**REQUIREMENT:**
Within the entries below, please return exactly the lines from the one with "海尔(Haier)中央空调风管机一拖一 1.5匹新一级能效 卧室嵌入式空调" through the one with "milieu naturel. |", leaving out any pictures.
*** Opening RECORD SET ***
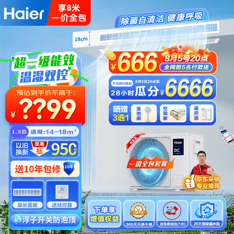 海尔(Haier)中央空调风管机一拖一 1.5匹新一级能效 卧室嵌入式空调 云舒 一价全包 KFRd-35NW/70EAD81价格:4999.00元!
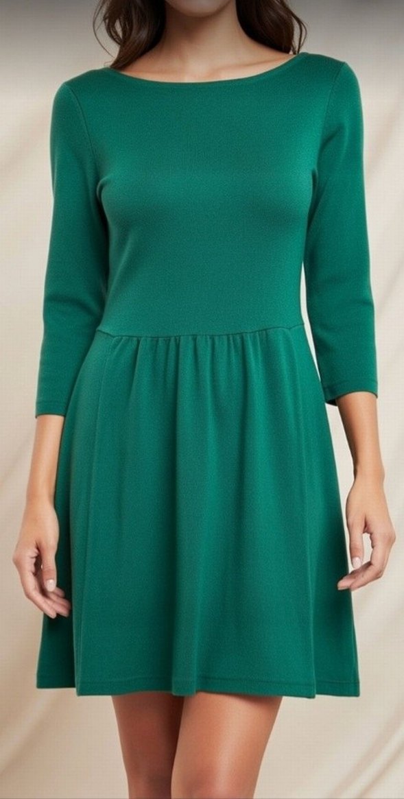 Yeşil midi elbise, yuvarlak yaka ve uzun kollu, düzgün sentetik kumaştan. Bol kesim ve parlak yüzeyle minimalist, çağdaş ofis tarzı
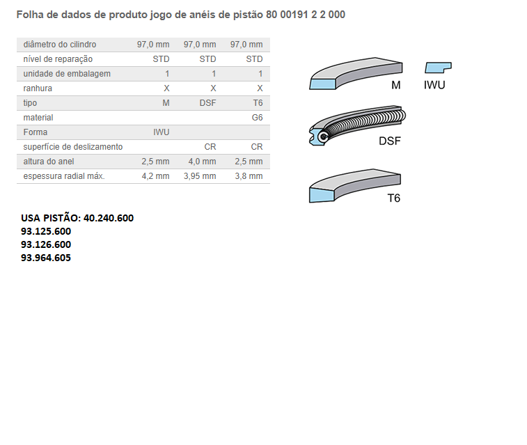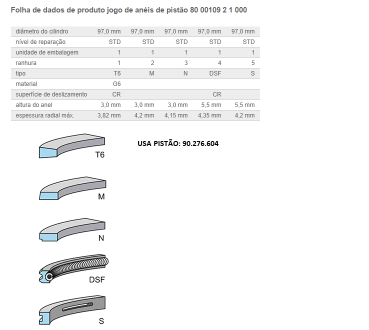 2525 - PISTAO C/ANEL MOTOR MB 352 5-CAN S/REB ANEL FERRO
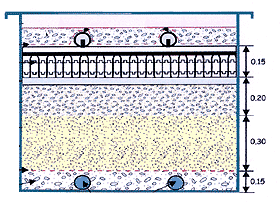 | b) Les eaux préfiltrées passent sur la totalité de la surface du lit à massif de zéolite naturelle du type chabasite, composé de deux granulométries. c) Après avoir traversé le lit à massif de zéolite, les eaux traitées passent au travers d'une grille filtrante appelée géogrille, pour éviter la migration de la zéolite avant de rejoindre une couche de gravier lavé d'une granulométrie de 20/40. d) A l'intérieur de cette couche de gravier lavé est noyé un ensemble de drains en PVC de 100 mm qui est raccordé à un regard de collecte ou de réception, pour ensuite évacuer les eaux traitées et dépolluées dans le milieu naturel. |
*** Closing RECORD SET ***
*** Opening RECORD SET ***
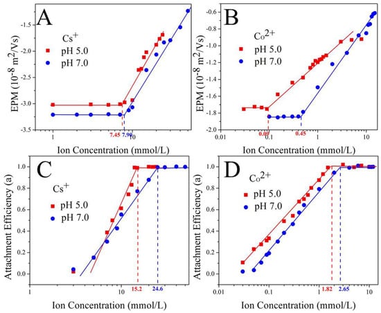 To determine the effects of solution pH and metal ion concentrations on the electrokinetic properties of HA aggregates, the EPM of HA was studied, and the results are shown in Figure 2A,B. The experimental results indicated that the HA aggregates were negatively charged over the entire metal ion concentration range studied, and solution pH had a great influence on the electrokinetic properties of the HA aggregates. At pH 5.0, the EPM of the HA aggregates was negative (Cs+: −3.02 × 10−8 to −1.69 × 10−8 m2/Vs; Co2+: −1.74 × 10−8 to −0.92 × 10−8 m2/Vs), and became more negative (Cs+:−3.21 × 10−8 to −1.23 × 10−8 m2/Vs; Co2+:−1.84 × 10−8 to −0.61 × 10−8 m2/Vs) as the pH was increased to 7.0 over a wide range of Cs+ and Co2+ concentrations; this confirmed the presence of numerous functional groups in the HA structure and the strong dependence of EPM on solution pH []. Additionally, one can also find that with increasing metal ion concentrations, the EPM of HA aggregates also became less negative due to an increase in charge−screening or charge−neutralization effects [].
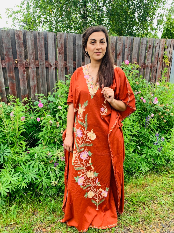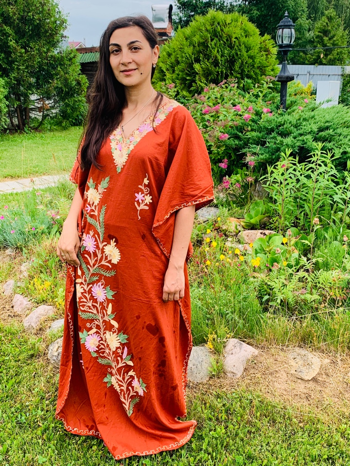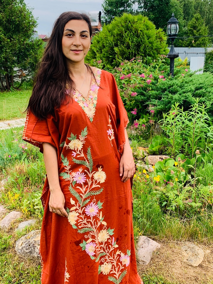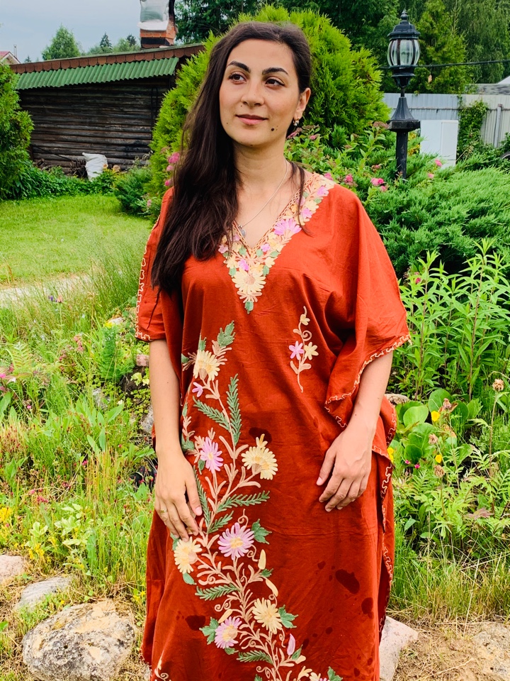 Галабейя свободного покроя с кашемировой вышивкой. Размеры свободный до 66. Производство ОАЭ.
*** Closing RECORD SET ***
**WRITTEN ANSWER:**
 海尔(Haier)中央空调风管机一拖一 1.5匹新一级能效 卧室嵌入式空调 云舒 一价全包 KFRd-35NW/70EAD81价格:4999.00元!
 Yeşil midi elbise, yuvarlak yaka ve uzun kollu, düzgün sentetik kumaştan. Bol kesim ve parlak yüzeyle minimalist, çağdaş ofis tarzı
 2525 - PISTAO C/ANEL MOTOR MB 352 5-CAN S/REB ANEL FERRO
 | b) Les eaux préfiltrées passent sur la totalité de la surface du lit à massif de zéolite naturelle du type chabasite, composé de deux granulométries. c) Après avoir traversé le lit à massif de zéolite, les eaux traitées passent au travers d'une grille filtrante appelée géogrille, pour éviter la migration de la zéolite avant de rejoindre une couche de gravier lavé d'une granulométrie de 20/40. d) A l'intérieur de cette couche de gravier lavé est noyé un ensemble de drains en PVC de 100 mm qui est raccordé à un regard de collecte ou de réception, pour ensuite évacuer les eaux traitées et dépolluées dans le milieu naturel. |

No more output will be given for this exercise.